Company Profile: Planitas prepares for post-pandemic demand for data insights

Company Profile: Planitas prepares for post-pandemic demand for data insights

The Dublin-based aviation analytics specialist, says carriers are emerging from COVID with a better appreciation of the value of accessible and accurate data insights

Simon Grennan, chief executive of the Dublin-based aviation analytics specialist Planitas, says carriers will emerge from COVID with a better appreciation of the value of accessible and accurate data insights 

For airlines that have weathered the COVID-19 storm the focus has shifted from survival to a more agile future as the international travel market continues to be beset with uncertainty.

Central to this post-pandemic prerequisite is data and making sure carriers have the processes and people to understand and organise the insights that can be derived from it.

This is where Dublin-based aviation data specialist Planitas believes it is positioned to further establish itself as a partner of choice as airlines better appreciate the power of data.

The firm has 20 years-worth of experience specialising specifically in airline data and revenue analytics developing software and in-house human expertise among its team of 20.

Planitas was founded by its current chairman Luke Mooney, a former chairman of CityJet, who saw first hand the challenges associated with airline data.

Simon Grennan, the firm’s chief executive, said: “Airlines produce a lot of it, naturally, due to their business model and the challenge is how accessible is it and how accurate is their reporting.

“That has not changed. We work with airlines on the basis that their data is in many different forms and comes from many different channels, whether GDS, booking partnerships, their own revenue teams or OTAs.

“That’s hard to organise so we help with that and improve the quality of it which in turn makes them become more agile, and quicker and make better decisions”.

As an airline specialist Planitas is fishing for clients at the top of the travel pyramid in terms of number of organisations, although there are an estimated 5,000 airlines globally. Planitas current works with just 10 of those including Jet Blue, Hawaiian Air, Frontier Airlines and Air Malta.

But with new trends and customer behaviours emerging post-COVID, some of which will be fleeting while others here for the long-term, all airlines will need to be on top of their data insights more than ever before, said Grennan.

“From the airlines’ perspective they have gone through very challenging times and hopefully we are through the worst of it. But they have such a need for that real-time data which we can provide.

“The airlines have had to rebuild teams because there has been a reduction in resources they have to work with, so having us there has been helpful for them. We have the knowledge that can overlap what they have retained.

“We are very positive about the industry and the future. A lot of markets that we work in our performing very well, particularly if they have big domestic markets.

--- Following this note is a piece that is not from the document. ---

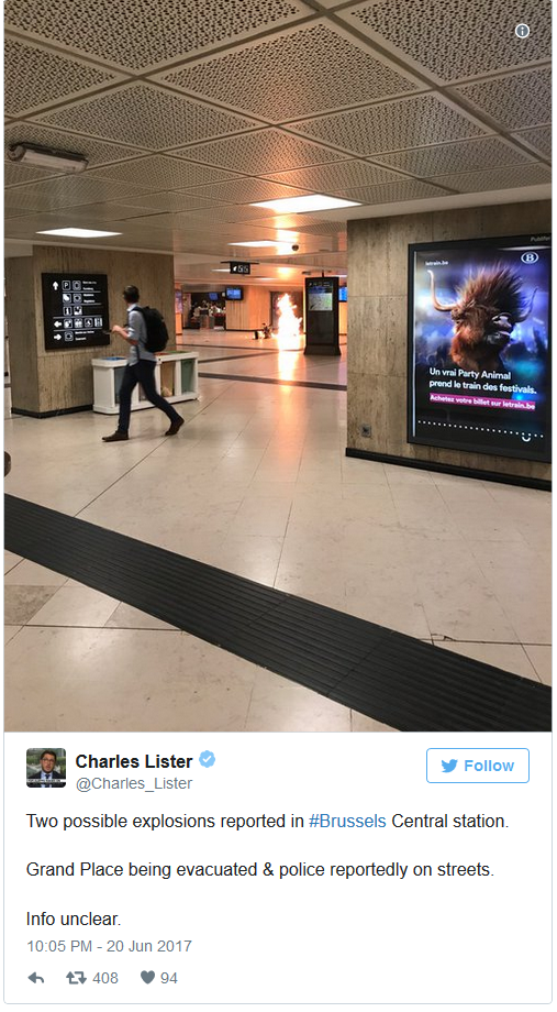 Two possible explosions reported in #Brussels Central station.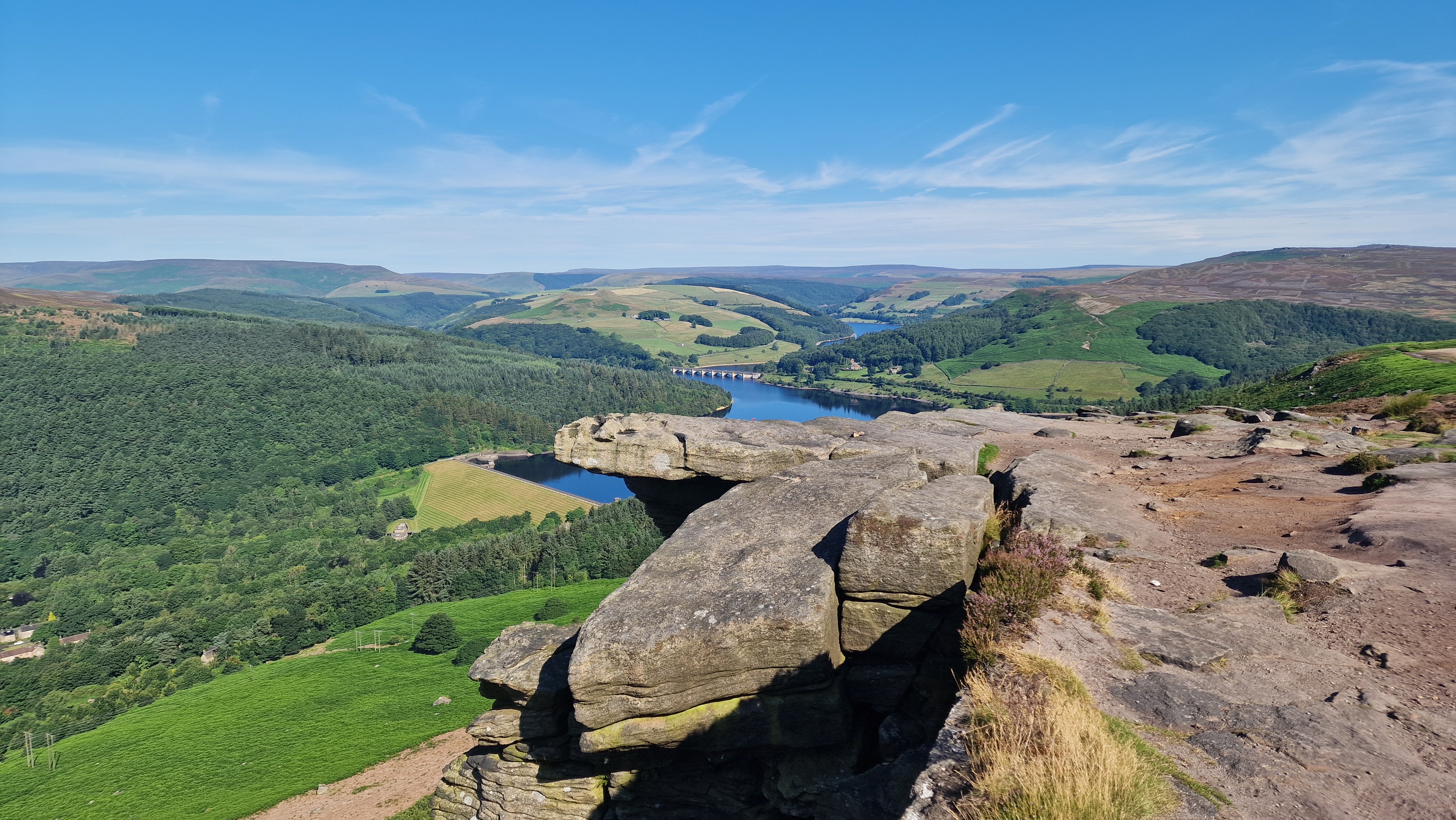 The Gristone Edges run along the eastern boundary of the area, from Chatsworth in the south to Stanage in the north is a highlight of the area. The magnificent sweep of Stanage Edge viewed from Hathersage is one of the most iconic views of the Peak District, indeed the UK.

“International markets have their own challenges with changing regulations and uncertainty is a massive issue. But once that uncertainty lifts demand is there and it will come back, maybe it will take a little more time for some, but I’m hugely positive.

Grennan adds: “We see some really great people in the industry and some great airlines with entrepreneurial ideas coming through, but they are having to do more with less and to do it quicker.

“There are new patterns of behaviour appearing all the time, new types of customer coming through, new trends in bookings like dates of departure or times of booking. It’s all up in the air.

“And there have been huge moves in terms of airlines pulling out of markets, or coming into markets and that competition creates more points of difference again. The predictability is definitely not there and that in itself creates a need to have the right information.

“For us the appreciation of data is greater than it ever was and there is an increase both in volume and multiplicity of where its comes from, so we make sure we are developing alongside our customers.

“We can support them and from our perspective this is our expertise. We cannot fly the planes, we cannot crew them, but this is what we can do.”

Grennan says Planitas rarely loses customers it takes on and it is poised to scale both in terms of manpower and technically with its cloud-based Software-as-a-Service model as it expects to be working with more partners this year than ever before.

The firm has a roadmap of tech developments it will roll out this year to make sure it keeps pace with how airlines want to consume and make sense of their data.

“We are very much customer-driven in our product development. When a customer comes to use to say we would like this we try to implement that rapidly,” says Grennan.

“Eighty percent of what we do is core but enhancements are applicable to all our customer, and every airline is different in how it operates and what its needs are.”

“What we want to do is grow, but grow in a manageable way. What we want is for everyone in the sector to be doing well. When businesses are not doing well it’s very difficult to reinvest in your own business.”

Grennan added that while airline KPIs (Key Performance Indicators), data strategies and models may vary, the key is that their data is accurate and can be trusted.

“This is a really challenging time for people in travel and hospitality,” he says. “They have had to work through this while large swathes of the economy have been performing very, very well.

“The good thing about that is there is money to spend, and people have missed travelling and missed getting that bit of heat on their back.”